An analysis for the Journal by the Hay Group management consultancy found the median value of salaries, bonuses, long-term incentives, and grants of stock and stock options for the chief executives of 200 major U.S. companies declined 0.9% to $6.95 million. In 2008, pay fell 3.4%.
The news report said this year’s overall decline reflected the recession, government controls, and continued public outcry over big pay packages. Long-term incentive awards, mostly stock and stock options, were hardest hit, falling 4.6% to a median $5 million. Salaries and bonuses rose 3.2% to $2.64 million.
As the recession deepened in late 2008, “many boards lowered targets for 2009—and so some CEOs collected bonuses even as profits declined,” said Irv Becker, head of Hay’s U.S. executive-compensation practice, in the news report.
The analysis also showed that highly paid CEOs generally run companies that deliver better-than-average shareholder returns.
Jeffrey R. Immelt, chief executive of General Electric Co., declined a bonus for the second straight year, pushing his total pay lower by 4.7% to $5.1 million.

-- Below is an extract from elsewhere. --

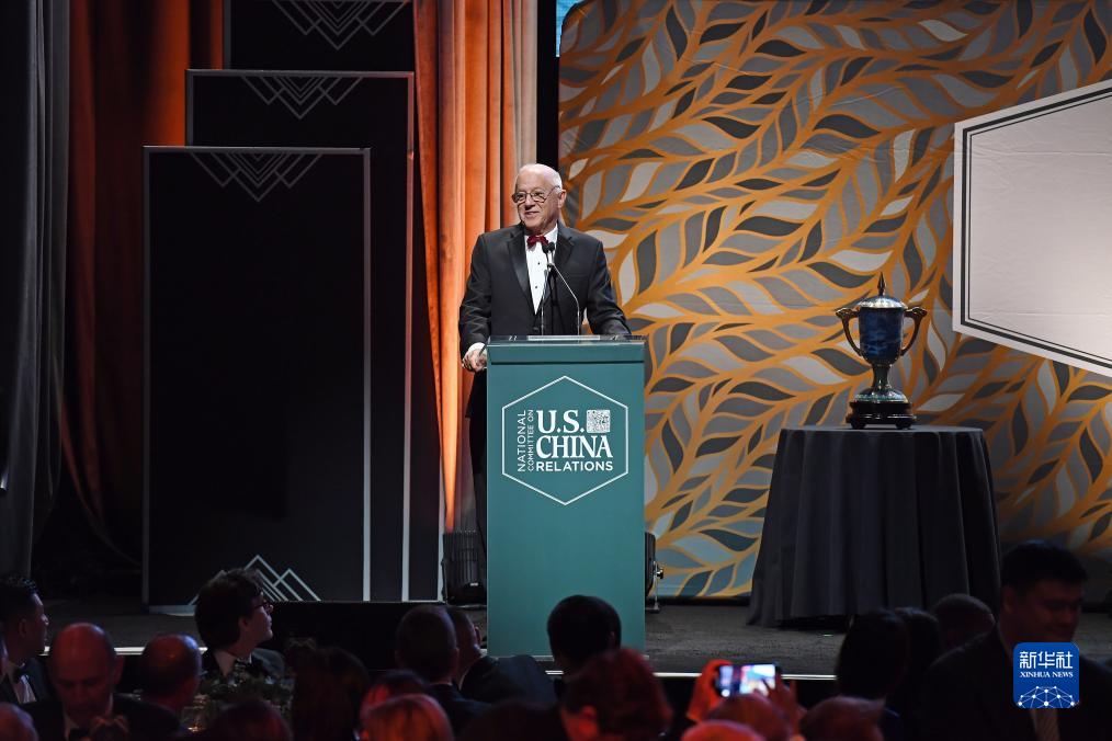 10月24日,美中關系全國委員會會長歐倫斯在美國紐約舉行的美中關系全國委員會年度頒獎晚宴上講話。

GE’s stock fell 6.6% last year. In contrast, Ray R. Irani, CEO of Occidental Petroleum Corp., collected $52.2 million – making him the highest paid executive surveyed. The company’s stock rose 36% last year.However, Charles Ergen, CEO and founder of Dish Network Corp., earned the distinction of having the harshest drop in pay – he drew a $623,100 salary that was 92.5% lower than his 2008 total compensation – even though the company’s stock doubled.